◆ **PROVIDED RECORDS**
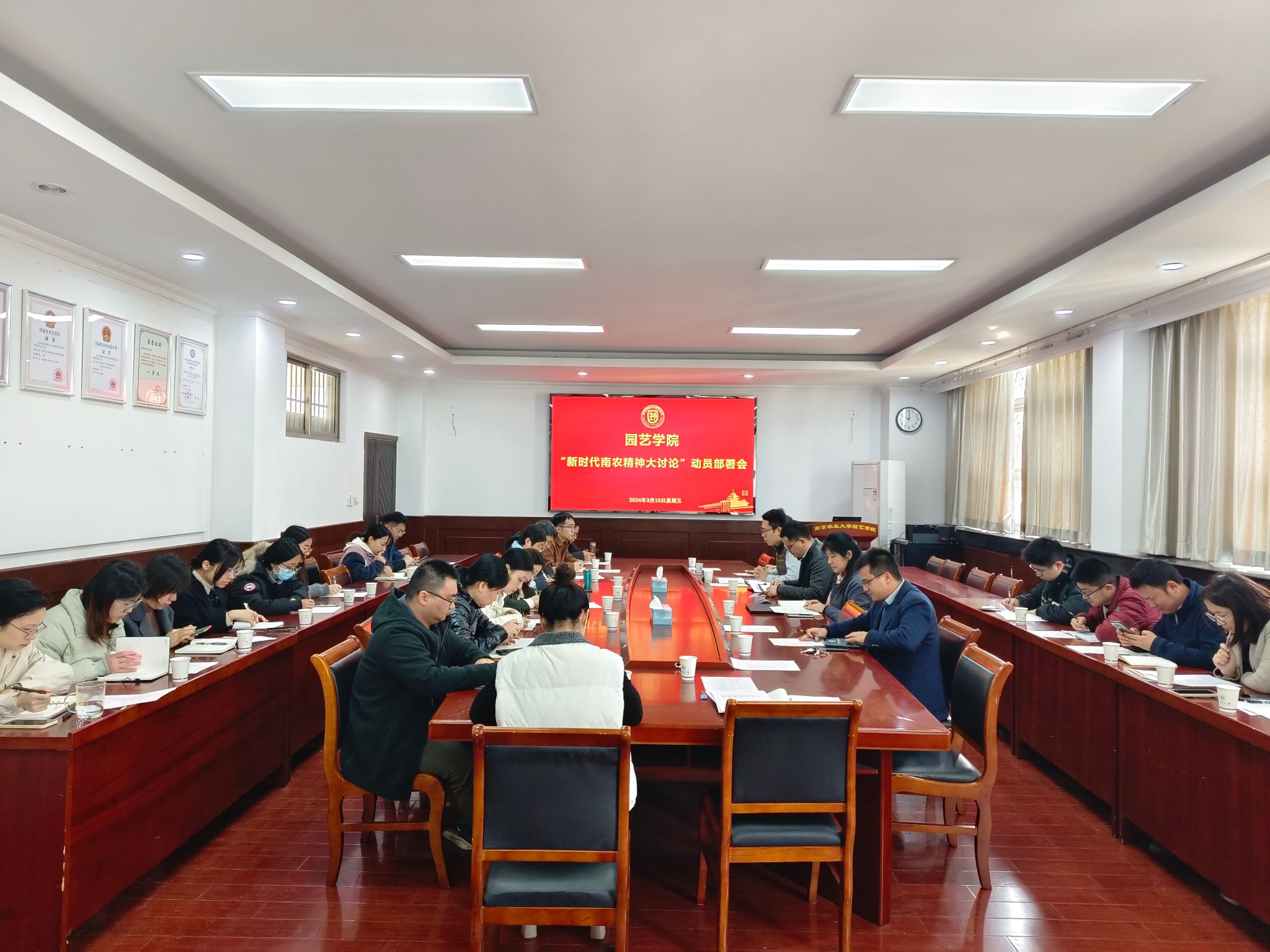 3月15日上午,区块链游戏 在生科楼B4003召开新学期党委扩大会暨“新时代南农精神大讨论”工作动员部署会,全体院领导、党委委员、党支部书记参加了会议。会议由石木舟副书记主持。
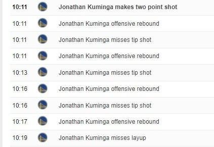 第二节10分20多秒,库明加持球单打,杀到禁区上篮不进,随后库明加开始疯狂抢板,从10分19秒到10分11秒,库明加在内线一挑三疯狂抢到4个进攻篮板,展现不俗的弹跳能力,海耶斯、坦普尔沦为背景板;库明加连续5次出手最终把球打进。
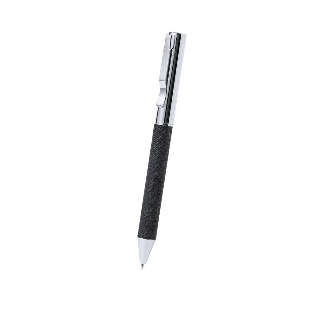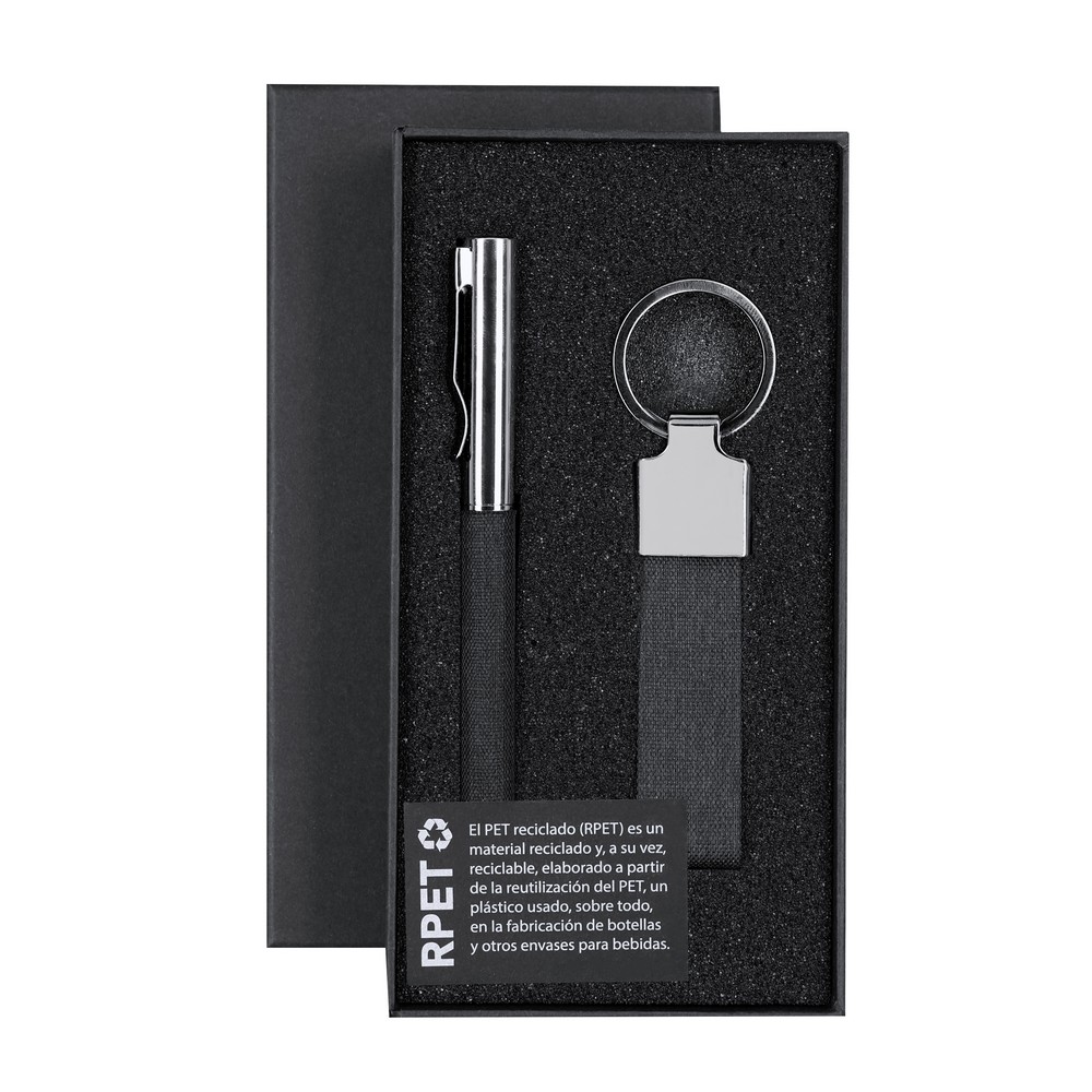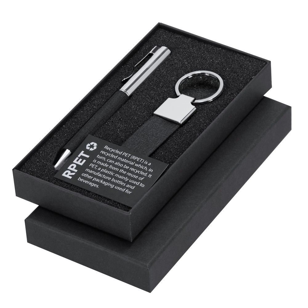Zestaw upominkowy, w zestawie brelok, długopis posiada wkład w niebieskim kolorze, czarne pudełko podarunkowe w komplecie, produkt wykonany z poliestru RPET oraz metalu
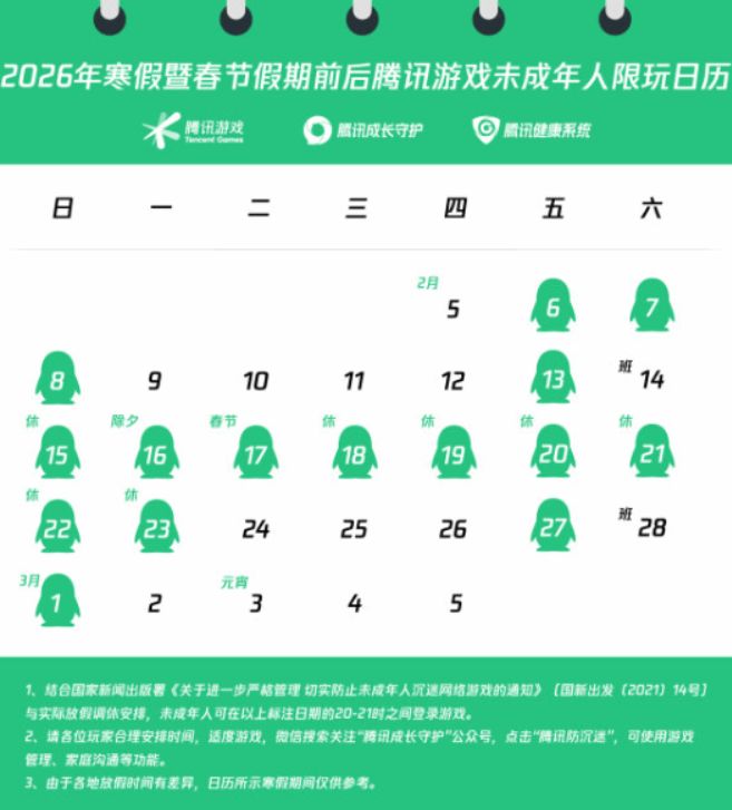 今日,腾讯游戏正式发布2026年寒假暨春节假期前后未成年人游戏限玩通知,明确2月5日至3月5日期间的游戏登录规则。未成年玩家仅可在可玩日期的20时至21时登录游戏,整个寒假29天内,累计游戏时长最多为15小时,严格落实未成年人防沉迷相关要求。
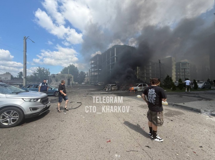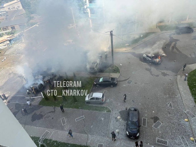 Чуть позже он уточнил, что попадание было рядом с многоэтажным домом. На месте горят около 15 автомобилей.

◆ **WHAT THIS TASK INVOLVES**
Taking the entries above, copy word for word the lines from the one with "Zestaw upominkowy, w" up to and including the one with "今日,腾讯游戏正式发布202", without any picture.

◆ **WRITTEN ANSWER**
Zestaw upominkowy, w zestawie brelok, długopis posiada wkład w niebieskim kolorze, czarne pudełko podarunkowe w komplecie, produkt wykonany z poliestru RPET oraz metalu
 今日,腾讯游戏正式发布2026年寒假暨春节假期前后未成年人游戏限玩通知,明确2月5日至3月5日期间的游戏登录规则。未成年玩家仅可在可玩日期的20时至21时登录游戏,整个寒假29天内,累计游戏时长最多为15小时,严格落实未成年人防沉迷相关要求。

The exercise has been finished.